He was a Carolina Panther. She was a Charlotte Hornets Honey Bee. Theirs was the quintessential Queen City romance.
When Chris Draft married Keasha Rutledge on November 27, 2011, they made two vows. Their first vow was, of course, to each other. Their second vow was to support those fighting lung cancer. It was a fight they understood well, ever since Keasha’s diagnosis the previous year when she was just 37 years old.
Keasha died one month after their wedding.
Their vows still motivate Chris. They drive his work in Team Draft, the awareness organizationthat he and Keasha launched on their wedding day. They compel him to meet lung cancer survivors, to learn their stories and to share them. So after Chris watches a WCNC newscast that featured five lung cancer survivors in Charlotte, he asks Levine Cancer Institute if he can meet them.
Of course, they tell him.
Uniting to Raise Lung Cancer Awareness
It’s November 15, 2017, and there’s plenty of white – the official color of lung cancer awareness – around Levine Cancer Institute. In honor of the annual White Out event, white flowers, white cake and white outfits show support for the oncology teams and patients in their relentless battle against the disease.
Before the event begins, however, six figures gather in the foyer to meet: Chris, wearing a white Carolina Panthers shirt, and five survivors fighting Stage IV lung cancer: Joy Divine, Angee Lee, Linda Blum, Paige Black and Doris Castevens. They speak in the language familiar to those who know lung cancer too well: of clinical trials, of genetic markers, of emerging treatments.

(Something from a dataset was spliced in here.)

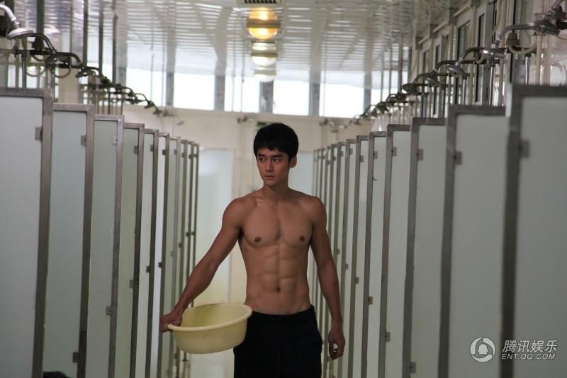 | Tưởng Kình Phu khoe thân hình lực lưỡng và cơ bụng 6 múi. |

But mostly, they talk about their optimism and the exciting momentum in lung cancer research. Lung cancer has had more drugs approved in the past three years than any other cancer, even though it’s among the least funded. The new drugs give these women treatment opportunities that weren’t available during Keasha’s fight just six years ago.
“Those drugs didn’t just magically happen. They happened because there’s a great group of folks who fought, who made this a priority. And now we’re seeing breakthroughs,” Chris says. “But what if we put more funding into research? Oh my gosh, the opportunity!”
Their mission is to increase lung cancer awareness – and with it, funding for research. So much attention has been placed on prevention, Chris believes, that it’s negatively impacted awareness. Now, some people feel as though getting lung cancer is a fault, a failure of prevention. Chris says the most important fact for people to learn about lung cancer is this: It’s a disease that anyone can get, including a healthy, non-smoking, 37-year-old dancer named Keasha.
Linda nods in agreement.
“I walk into my appointments, and I think, if only more people could see the waiting room full of people being treated for lung cancer,” says Linda, who was diagnosed three years ago. “Men. Women. All ages. People would be shocked to see who’s really getting lung cancer.”
Chris wants people to learn that now, instead of learning like he did – when he had to.
“I don’t want someone to learn about this because their wife gets diagnosed. I don’t want them to learn it because their husband gets diagnosed. I want them to learn it from me,” Chris says. “Research is an investment – it matters. Support it. Fight for it. We need to push things forward.”
Wearing White, Seeing Hope
Slowly, the room begins to fill with those celebrating the White Out. Doctors, nurses, nurse navigators and staff – all wearing white – join Chris and the five survivors. There’s Edward Kim, MD, wearing an all-white suit and even white shoes. And there’s Kathryn F. Mileham, MD, donning a white tutu and a headband with fluffy white antenna. They greet their patients with hugs, then everyone poses for group pictures, alternating between big smiles, flexed muscles, and even a few jazz hands.
Then Chris, Dr. Kim, and Dr. Mileham gather to cut the cake, which has “In Honor of Lung Cancer Awareness” written on top in frosting. With a knife and a smirk, Dr. Kim cuts directly through the words “lung cancer.” The three smile at the symbolism, but Chris’s smile is betrayed by eyes that grow teary.
It was six years ago this month when Chris and Keasha cut their wedding cake. It was six years ago this month when Keasha wore white. Over the years since, he’s never lost sight of those two vows they exchanged.
“Nothing I do will bring my wife back. I’ve accepted that,” Chris told the five survivors. “But you have to be hopeful. And how do I know there’s hope? Because I see you. Things are changing.”